The traditional education model values our ability to find the one right answer using the one right approach,” says Stacy Alton, Leadership Prep’s Superintendent. “This teaches us there is only one final solution and it’s defined by authority — not the best model for career success. We’re that uncommon school who encourages students to look beyond the answer.”
Students learn programming and game design alongside and throughout their curriculum. LPS is the only charter school in the nation selected to partner with “Code to the Future” to teach students critical computer science skills.
On December 4th, LPS elementary and middle-school students had a chance to showcase their coding work to family, friends, and community members at “Epic Build,” the school’s first exhibition event of the year. Examples of coding exhibits included animated history lessons, storyboards, and video game programs.
Retooling and retraining will be the norm for tomorrow’s workforce. We have found that our students adapt well when we incorporate technology into the curriculum while introducing new concepts and challenges,” says Michelle Holland, Elementary Principal at LPS. “It’s always exciting to see what the students create using the technical skills they acquire from one year to the next.”
Every project-based learning activity begins with a driving question… similar to a thesis or mission statement. The students work in teams to conduct research and answer their question. Each team creates a social contract to hold other members of the team accountable which fosters a culture of trust, respect, and responsibility. Finally, teams strengthen their written and oral presentation skills by sharing their findings at the end of each project.
Students actually acquire content knowledge through multiple facets such as research, workshops with teachers, and interviews with professionals, rather than solely relying on a teacher’s lecture. This method makes learning core subject material more relevant and helps students understand the application of knowledge acquired,” says Audra Floyd, Secondary Principal at LPS. “Additionally, students develop strong critical thinking skills and become problem solvers through project-based learning.”
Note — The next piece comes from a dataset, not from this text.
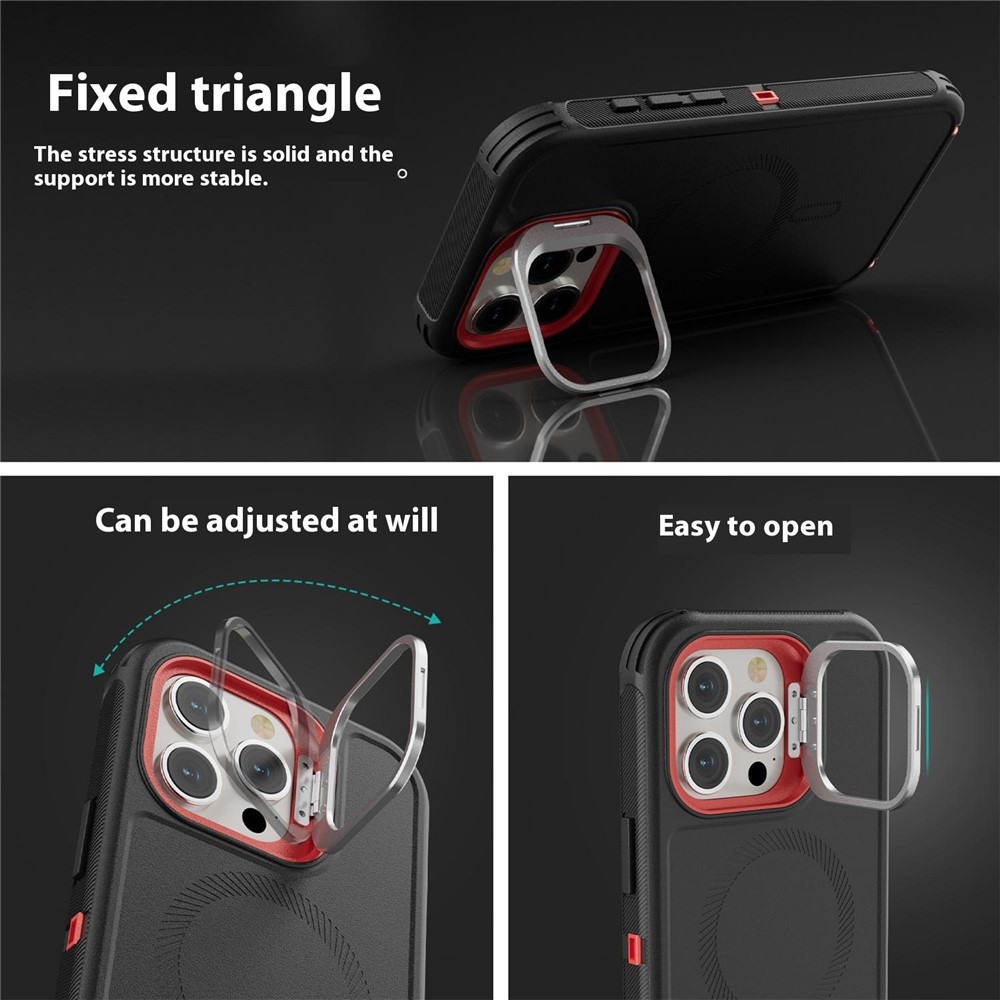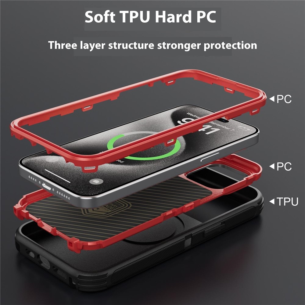 For iPhone 15 Pro Magnetic Case Lens Kickstand 3 in 1 Detachable TPU + PC Phone Back Cover with Lanyard - Black / Red $18.88

Shortly before Thanksgiving, the middle-school and high-school students of LPS participated in their first Student Showcase of the year to present the findings from their project-based learning (PBL) lessons.
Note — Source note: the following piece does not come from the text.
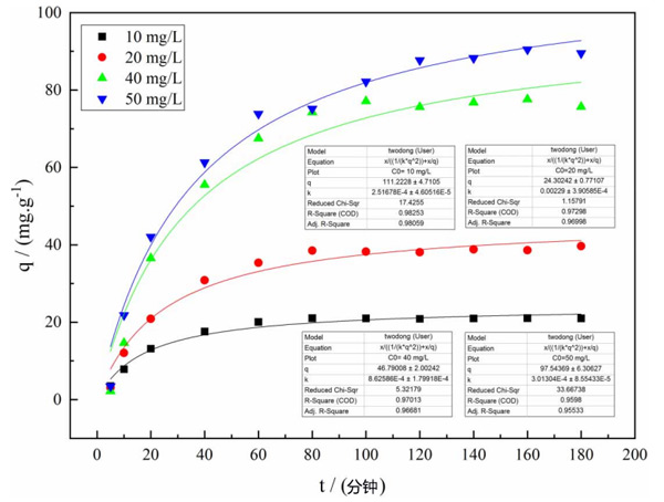 根據(jù)動力學方程,當溫度為25℃且改性活性炭用量為8g/L時,擬一級動力學和擬二級動力學分別用于擬合。發(fā)現(xiàn)二階動力學方程的擬合效果更好,結果如所示圖2。

One team of students presenting at the Student Showcase examined water samples from the pond behind the school and discovered organisms. They worked to find a solution for making the water potable using everyday supplies, such as coffee filters. The students demonstrated the process they used to clean the water so it could be safely consumed and answered questions about their project posed by their audience of family and community members.
Other teams presented their findings from driving questions like how the Texas landscape affected Native American tribes and how to use algebra to determine the best games for making money at a school carnival.
We’re focusing on closing the gap between academic instruction and workplace competency. Therefore, for our students, learning goes beyond simply understanding content. We employ the project-based learning method to prepare them with the critical thinking and teamwork skills necessary to succeed in the 21st-century workforce. Furthermore, our students begin coding in kindergarten, not because all of our students will be programmers, but because every industry has been and will continue to be intertwined with technology.” says LPS Superintendent Stacy Alton.